• **Exercise**: Find the line with "從需求圖譜來(lái)看,大" in the records below. Output exactly from there until after the line with "meio da tarde.", without pictures.

• **Record excerpts**:

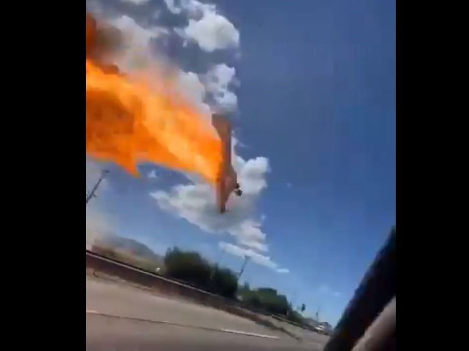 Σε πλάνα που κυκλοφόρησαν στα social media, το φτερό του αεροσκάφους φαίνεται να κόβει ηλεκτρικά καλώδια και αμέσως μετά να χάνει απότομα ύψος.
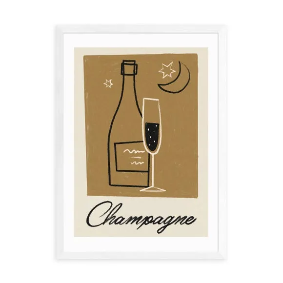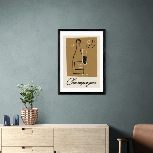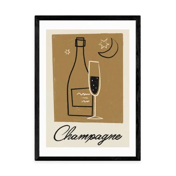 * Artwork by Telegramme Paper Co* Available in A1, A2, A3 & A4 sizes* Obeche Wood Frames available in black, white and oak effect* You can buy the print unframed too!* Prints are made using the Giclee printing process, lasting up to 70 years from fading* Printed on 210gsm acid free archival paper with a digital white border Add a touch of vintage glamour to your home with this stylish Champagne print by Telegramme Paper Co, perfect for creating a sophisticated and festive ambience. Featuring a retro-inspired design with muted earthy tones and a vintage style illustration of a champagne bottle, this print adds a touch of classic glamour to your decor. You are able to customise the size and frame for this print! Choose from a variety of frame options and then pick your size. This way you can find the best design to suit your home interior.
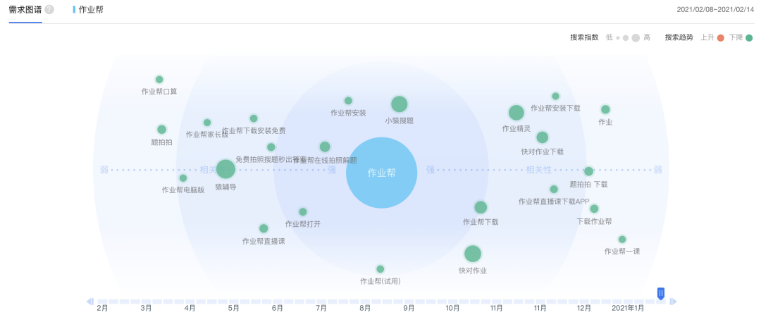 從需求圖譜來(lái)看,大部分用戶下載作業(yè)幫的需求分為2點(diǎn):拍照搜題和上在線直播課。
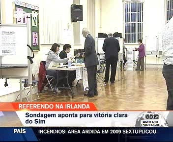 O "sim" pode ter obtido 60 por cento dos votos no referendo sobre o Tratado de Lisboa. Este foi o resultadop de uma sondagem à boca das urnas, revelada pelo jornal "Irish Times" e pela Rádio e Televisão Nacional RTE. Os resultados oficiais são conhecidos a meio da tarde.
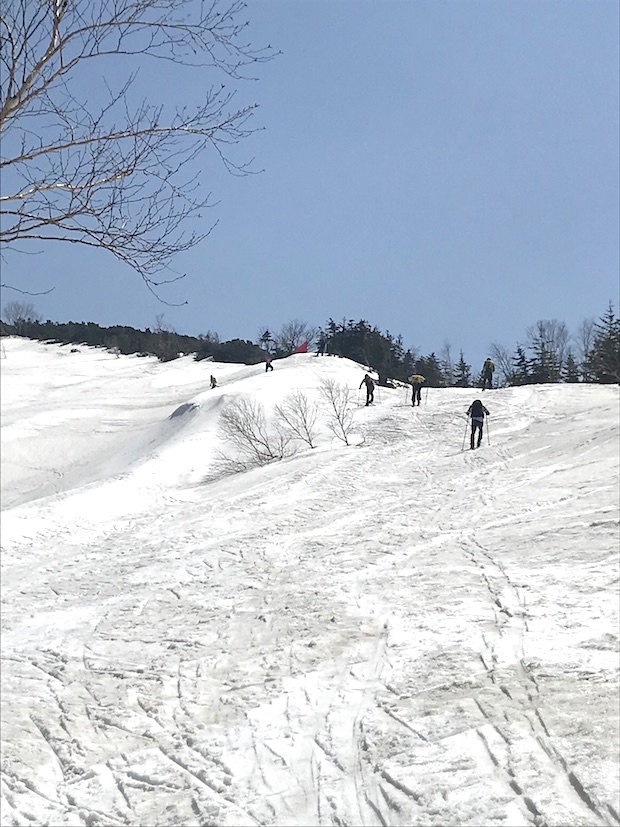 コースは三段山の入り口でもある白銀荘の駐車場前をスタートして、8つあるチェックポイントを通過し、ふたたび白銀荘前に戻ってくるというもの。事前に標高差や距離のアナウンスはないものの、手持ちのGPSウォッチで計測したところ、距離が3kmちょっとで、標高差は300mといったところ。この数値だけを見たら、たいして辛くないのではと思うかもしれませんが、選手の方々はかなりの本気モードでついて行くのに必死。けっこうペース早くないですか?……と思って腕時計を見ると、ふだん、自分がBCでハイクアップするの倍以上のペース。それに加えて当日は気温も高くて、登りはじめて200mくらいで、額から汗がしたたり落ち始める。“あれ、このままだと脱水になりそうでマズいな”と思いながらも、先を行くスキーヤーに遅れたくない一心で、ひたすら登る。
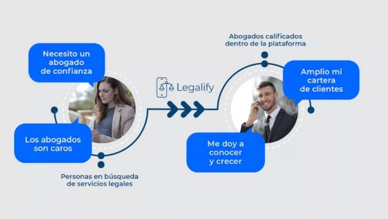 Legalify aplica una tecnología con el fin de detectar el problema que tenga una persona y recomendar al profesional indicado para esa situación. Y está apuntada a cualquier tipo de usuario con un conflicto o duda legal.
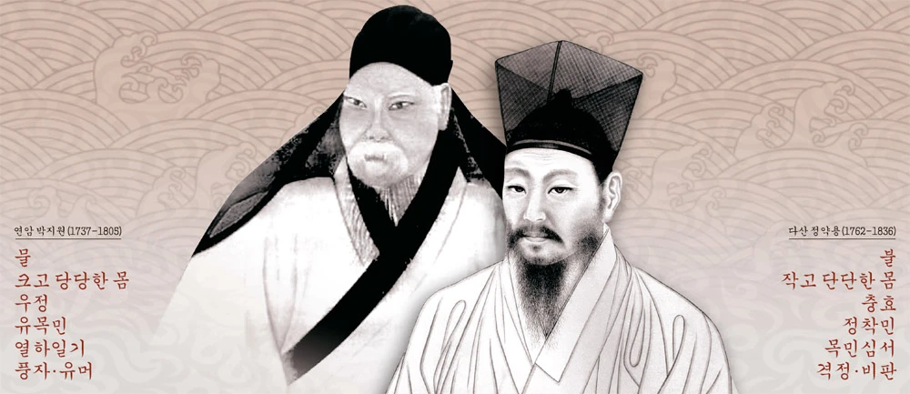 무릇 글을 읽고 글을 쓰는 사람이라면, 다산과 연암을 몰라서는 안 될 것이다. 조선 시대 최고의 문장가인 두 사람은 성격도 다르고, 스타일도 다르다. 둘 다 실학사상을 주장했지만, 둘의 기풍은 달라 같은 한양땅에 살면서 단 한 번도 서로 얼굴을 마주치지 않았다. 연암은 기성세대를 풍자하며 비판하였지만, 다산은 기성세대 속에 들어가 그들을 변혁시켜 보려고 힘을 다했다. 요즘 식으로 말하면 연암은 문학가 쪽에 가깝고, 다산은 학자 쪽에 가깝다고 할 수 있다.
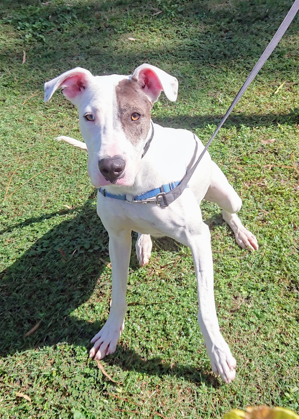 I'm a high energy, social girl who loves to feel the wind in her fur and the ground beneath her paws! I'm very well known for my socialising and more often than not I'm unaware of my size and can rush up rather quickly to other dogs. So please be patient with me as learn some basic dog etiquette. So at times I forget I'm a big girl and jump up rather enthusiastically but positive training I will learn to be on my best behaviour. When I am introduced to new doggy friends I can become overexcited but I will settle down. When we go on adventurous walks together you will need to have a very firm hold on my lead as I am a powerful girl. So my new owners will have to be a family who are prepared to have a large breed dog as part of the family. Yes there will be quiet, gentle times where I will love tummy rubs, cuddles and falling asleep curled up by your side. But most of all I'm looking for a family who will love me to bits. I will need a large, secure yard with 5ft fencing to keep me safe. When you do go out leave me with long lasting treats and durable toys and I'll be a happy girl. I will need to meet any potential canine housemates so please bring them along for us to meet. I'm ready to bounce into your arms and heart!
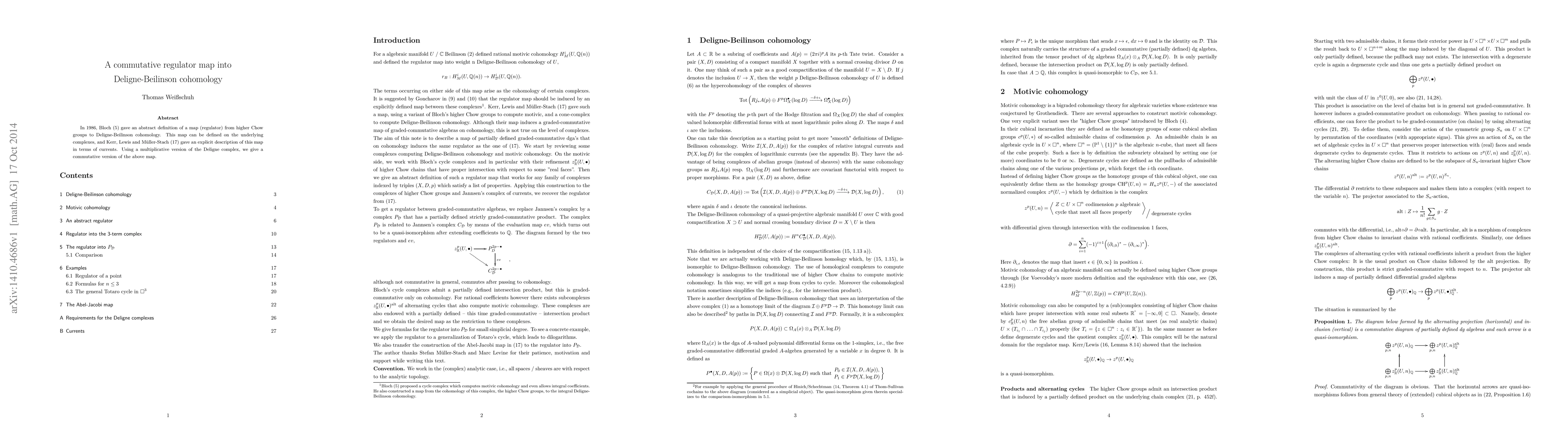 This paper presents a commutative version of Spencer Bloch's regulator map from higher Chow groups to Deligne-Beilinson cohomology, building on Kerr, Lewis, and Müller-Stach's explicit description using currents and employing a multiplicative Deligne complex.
...
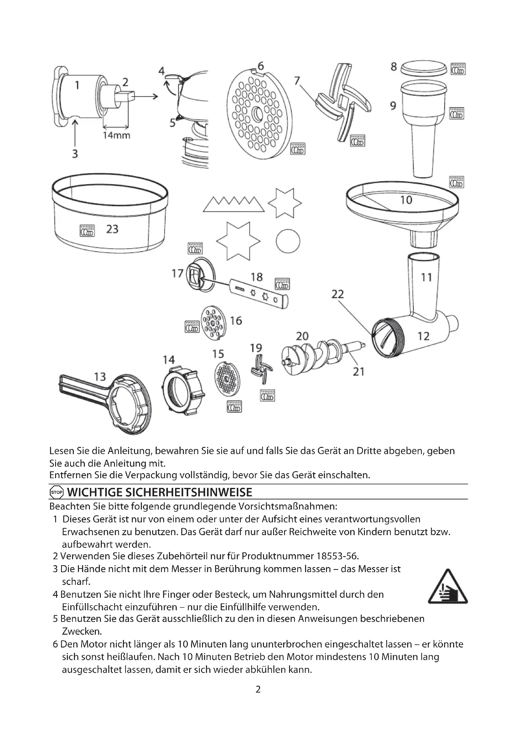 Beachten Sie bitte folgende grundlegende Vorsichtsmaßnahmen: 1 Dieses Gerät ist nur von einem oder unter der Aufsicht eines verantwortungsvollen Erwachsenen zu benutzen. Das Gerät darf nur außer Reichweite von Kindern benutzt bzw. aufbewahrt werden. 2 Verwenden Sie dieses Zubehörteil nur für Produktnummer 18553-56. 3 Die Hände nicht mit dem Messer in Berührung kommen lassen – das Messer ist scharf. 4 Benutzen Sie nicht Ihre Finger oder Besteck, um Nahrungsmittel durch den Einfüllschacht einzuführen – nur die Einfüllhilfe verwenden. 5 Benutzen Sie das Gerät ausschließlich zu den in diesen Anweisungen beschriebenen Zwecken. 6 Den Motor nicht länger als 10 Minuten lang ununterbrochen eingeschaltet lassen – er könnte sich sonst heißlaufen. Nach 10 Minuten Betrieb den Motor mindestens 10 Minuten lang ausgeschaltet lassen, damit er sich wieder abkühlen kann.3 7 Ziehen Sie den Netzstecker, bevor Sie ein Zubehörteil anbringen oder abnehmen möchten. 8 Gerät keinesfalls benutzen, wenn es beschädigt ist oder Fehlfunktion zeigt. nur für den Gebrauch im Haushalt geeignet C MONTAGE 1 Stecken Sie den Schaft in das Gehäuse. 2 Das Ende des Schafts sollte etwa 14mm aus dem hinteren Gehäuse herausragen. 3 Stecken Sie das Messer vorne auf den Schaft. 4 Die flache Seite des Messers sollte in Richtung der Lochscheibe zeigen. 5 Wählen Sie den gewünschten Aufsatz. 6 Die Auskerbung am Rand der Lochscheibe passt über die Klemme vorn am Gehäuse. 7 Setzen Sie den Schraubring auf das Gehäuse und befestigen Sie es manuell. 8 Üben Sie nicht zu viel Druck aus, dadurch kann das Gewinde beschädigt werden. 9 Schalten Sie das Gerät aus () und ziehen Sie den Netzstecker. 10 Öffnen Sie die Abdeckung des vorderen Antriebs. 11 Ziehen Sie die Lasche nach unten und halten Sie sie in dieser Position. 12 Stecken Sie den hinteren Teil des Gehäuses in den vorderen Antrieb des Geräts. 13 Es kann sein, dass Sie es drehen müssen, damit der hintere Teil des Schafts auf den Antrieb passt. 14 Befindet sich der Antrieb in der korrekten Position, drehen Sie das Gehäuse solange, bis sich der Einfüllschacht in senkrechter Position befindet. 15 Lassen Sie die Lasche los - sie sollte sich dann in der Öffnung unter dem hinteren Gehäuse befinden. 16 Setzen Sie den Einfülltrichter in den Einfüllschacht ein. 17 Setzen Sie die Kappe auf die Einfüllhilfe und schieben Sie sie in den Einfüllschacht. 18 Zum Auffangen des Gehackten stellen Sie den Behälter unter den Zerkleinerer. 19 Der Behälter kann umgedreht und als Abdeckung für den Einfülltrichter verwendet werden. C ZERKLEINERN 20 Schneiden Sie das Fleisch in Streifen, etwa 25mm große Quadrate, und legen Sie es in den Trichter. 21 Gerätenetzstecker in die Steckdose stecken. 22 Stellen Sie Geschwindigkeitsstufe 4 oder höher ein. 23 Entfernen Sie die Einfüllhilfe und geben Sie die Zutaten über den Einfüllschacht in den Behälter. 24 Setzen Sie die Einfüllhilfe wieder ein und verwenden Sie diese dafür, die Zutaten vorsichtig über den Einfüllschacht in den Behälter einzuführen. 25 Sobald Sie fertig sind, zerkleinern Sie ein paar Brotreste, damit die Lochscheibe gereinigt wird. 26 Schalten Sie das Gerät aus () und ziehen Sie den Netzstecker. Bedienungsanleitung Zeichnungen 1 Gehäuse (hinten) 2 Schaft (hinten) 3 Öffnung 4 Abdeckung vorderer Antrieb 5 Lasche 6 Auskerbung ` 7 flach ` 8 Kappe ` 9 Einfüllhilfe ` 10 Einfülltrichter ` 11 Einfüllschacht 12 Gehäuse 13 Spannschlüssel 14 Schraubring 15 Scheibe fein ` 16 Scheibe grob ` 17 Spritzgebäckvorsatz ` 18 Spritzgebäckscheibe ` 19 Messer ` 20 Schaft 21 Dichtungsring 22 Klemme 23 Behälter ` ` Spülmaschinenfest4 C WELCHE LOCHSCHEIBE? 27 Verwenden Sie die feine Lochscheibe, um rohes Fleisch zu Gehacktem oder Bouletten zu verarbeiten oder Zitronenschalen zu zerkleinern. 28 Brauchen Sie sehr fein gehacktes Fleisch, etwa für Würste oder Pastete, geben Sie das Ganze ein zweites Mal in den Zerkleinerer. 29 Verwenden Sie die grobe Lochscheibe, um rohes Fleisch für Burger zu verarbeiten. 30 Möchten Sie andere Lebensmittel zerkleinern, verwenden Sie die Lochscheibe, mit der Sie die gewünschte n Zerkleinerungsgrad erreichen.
* * *
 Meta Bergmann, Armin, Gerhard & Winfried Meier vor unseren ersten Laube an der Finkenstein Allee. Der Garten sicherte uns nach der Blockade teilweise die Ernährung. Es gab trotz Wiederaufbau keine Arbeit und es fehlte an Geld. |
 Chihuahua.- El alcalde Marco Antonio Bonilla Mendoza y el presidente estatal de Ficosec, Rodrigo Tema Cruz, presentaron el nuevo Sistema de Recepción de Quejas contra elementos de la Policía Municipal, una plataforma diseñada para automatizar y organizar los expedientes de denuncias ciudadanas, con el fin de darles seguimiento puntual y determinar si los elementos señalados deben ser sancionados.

• **Your solution**:
 從需求圖譜來(lái)看,大部分用戶下載作業(yè)幫的需求分為2點(diǎn):拍照搜題和上在線直播課。
 O "sim" pode ter obtido 60 por cento dos votos no referendo sobre o Tratado de Lisboa. Este foi o resultadop de uma sondagem à boca das urnas, revelada pelo jornal "Irish Times" e pela Rádio e Televisão Nacional RTE. Os resultados oficiais são conhecidos a meio da tarde.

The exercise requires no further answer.